Don't try to bring this on a plane. TSA agents at Mitchell Airport in Winconsin seized a suspicious device the owner said was just "art." The unusual home-made smoking device was made from an inert grenade, some padlocks, and a metal box.
Dr. Eric Topol, an advocate of mobile medical tech, recently used an ultrasound device called Phillips Lumify to diagnose his own kidney stone. In January, he took a “full-body selfie” look at all of his internal organs.
How long might you live if you could die only in accidents? An interactive site erected by PollStats can give you the startling answer.
Google and Facebook were duped into wiring $100 million to a Lithuanian phisher. This does not excuse you for clicking on that link in the email from a Nigerian prince.
For up to 7 minutes on April 26, large chunks of data owned by Visa, Master Card, Symantec, and about two dozen banks were diverted to a Russian government-controlled telecom company, Rostelecom. Was this a test preceding a larger hack or just a router programming mistake?

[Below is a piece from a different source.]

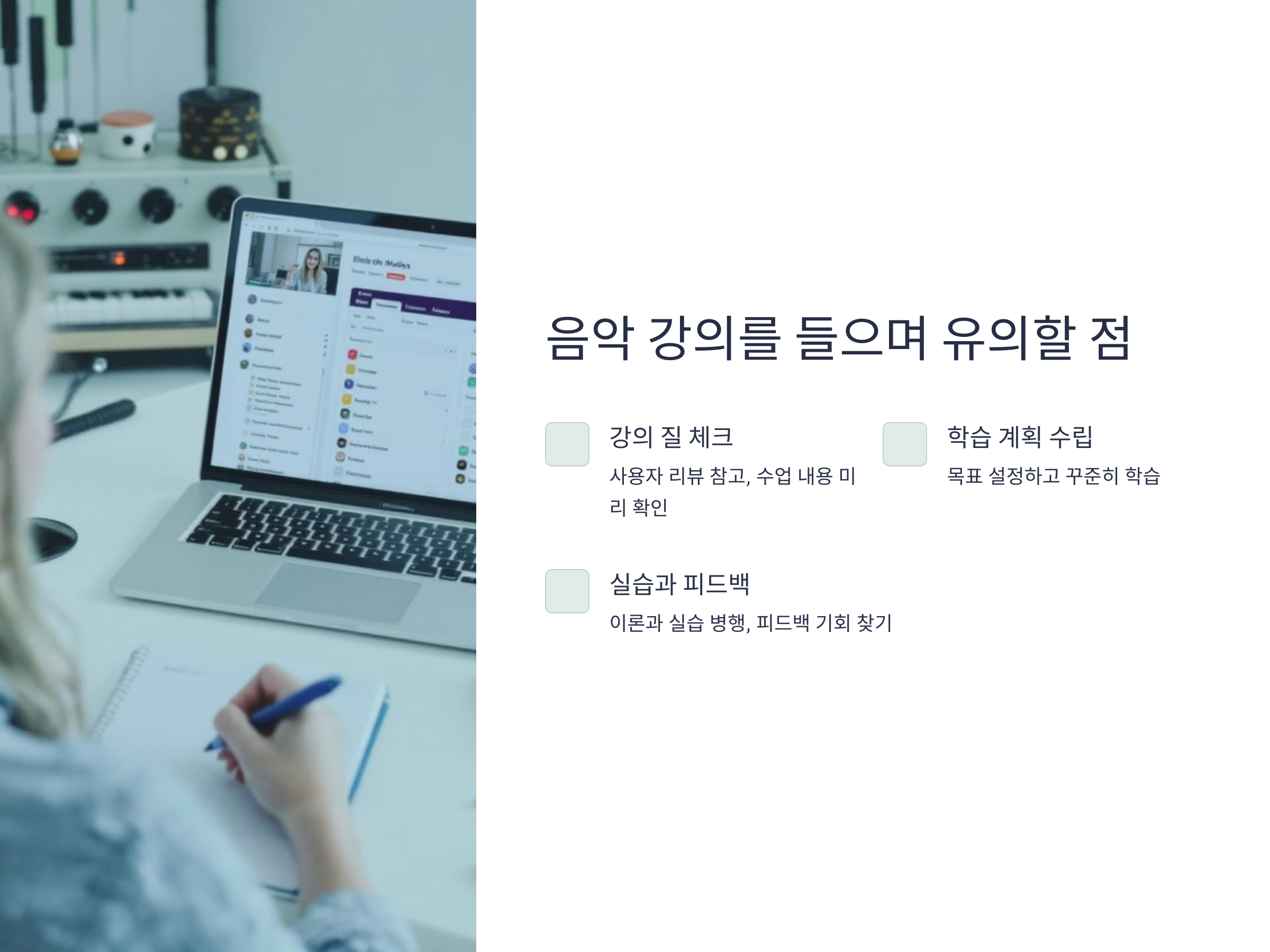 - Udemy: 유료 강의가 많지만, 종종 할인 및 무료 강의를 제공합니다. 다양한 음악 분야의 강의를 찾아볼 수 있습니다.
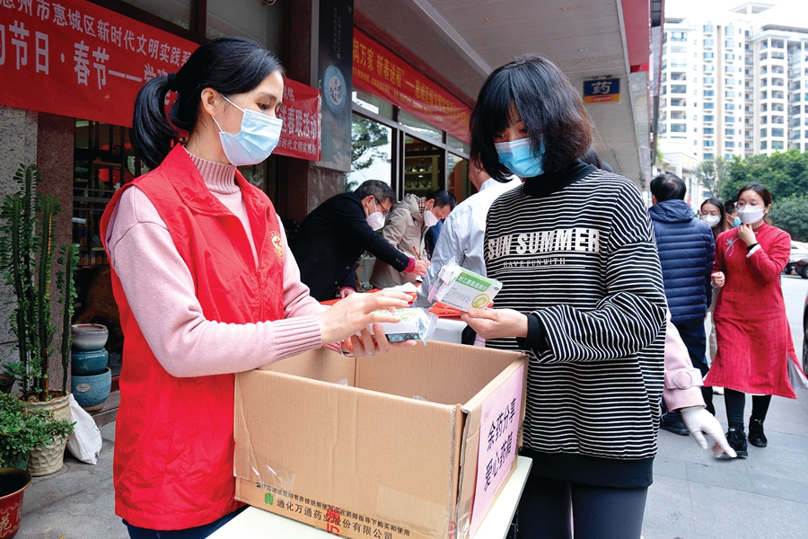 惠州開展“有余藥請分享,你需‘藥’大家?guī)汀惫婊顒樱嗨幑蚕砩钊肴诵。依托全?394個文明實踐中心(所、站),我市共籌集發(fā)放布洛芬、對乙酰氨基酚等退燒藥44.7萬粒,抗原檢測試劑8000份,中成藥7萬份,覆蓋全市200余個小區(qū),為20余萬群眾解了燃眉之急。

A Florida man used an unsecured WiFi network to broadcast bomb threats via Twitter. The neighbor whose WiFi Terrance Upham used can’t figure out how to set a password on his router, so “I’ll just unplug it” when it’s not in use. Don’t be that guy.
The NSA has shut down its controversial program of collecting American citizens’ email, phone, text, and Internet communications if they involve a foreign correspondent. Privacy advocates cheered.
The latest patches for Android cure over 100 security vulnerabilities. But you may have to wait up to 18 months for your carrier to push the patches to your phone.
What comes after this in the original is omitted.